Страница 3 из 131
Наследный принц Людовик завопил, тени исчезли, и довольная повитуха опустилась на стул под радостные крики находившихся в комнате женщин.
— Ну и головища у него, — сказала она не без гордости. — Вытащить такую, не повредив младенца и не убив матери — это истинное искусство. А теперь живо принесите сюда для королевы жаровню с углями, и самую большую.
Прибежал паж, держа в руках раскалённую жаровню, но, прежде чем ему позволили войти в спальню, Бернар д’Арманьяк, один из советников короля, остановил его у дверей и, заставив открыть крышку, начал ворошить угли своим кинжалом. Видя, что герцог-архиепископ, пришедший сюда, чтобы совершить печальный обряд, с удивлением смотрит на него, Арманьяк объяснил:
— Ваше преосвященство, я знаю, что иногда такие жаровни могут быть использованы самым неожиданным образом.

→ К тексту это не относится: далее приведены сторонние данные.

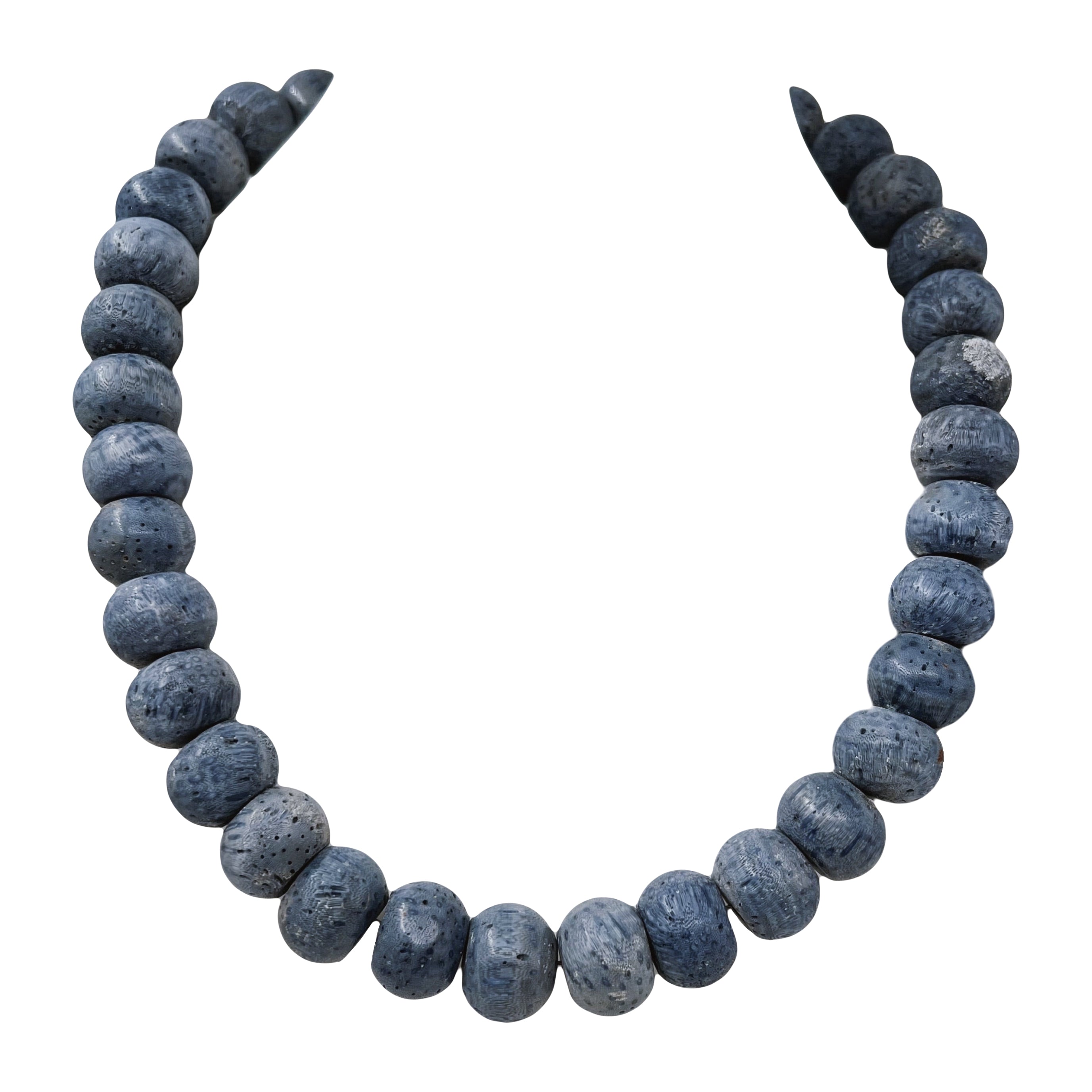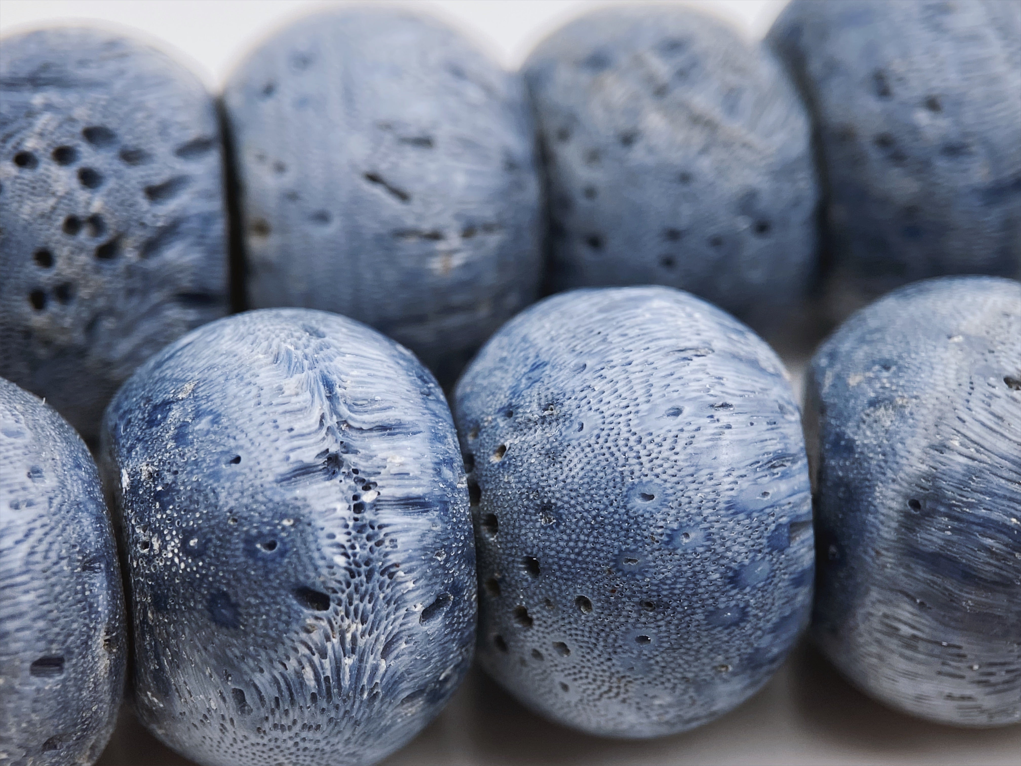 Tai rankų darbo vėrinys iš fosilinio koralo su sidabro užsegimu. Išskirtinis vėrinys iš natūralaus fosilinio koralo – akmens, susidariusio per milijonus metų iš suakmenėjusių rifinių organizmų. Karoliukai nudažyti sodria mėlyna spalva, išryškinančia natūralią porėtą tekstūrą. Vėrinys užbaigtas 925 prabos sidabro užsegimu, pabrėžiančiu elegantišką meistrystę.

— Но ведь королева только что родила! — воскликнул паж. — Это мальчик, наследник!
— Слава Господу, — прошептал герцог-архиепископ. Он был счастлив, что предстоят крестины, а не похороны. — Благодарю тебя, Всевышний, от имени Франции.
Как было бы хорошо, думала королева, если бы король Карл пренебрёг своей охотой и находился бы сейчас рядом с ней, с ней и их сыном, который кричал так громко и энергично. Этот ребёнок будет жить.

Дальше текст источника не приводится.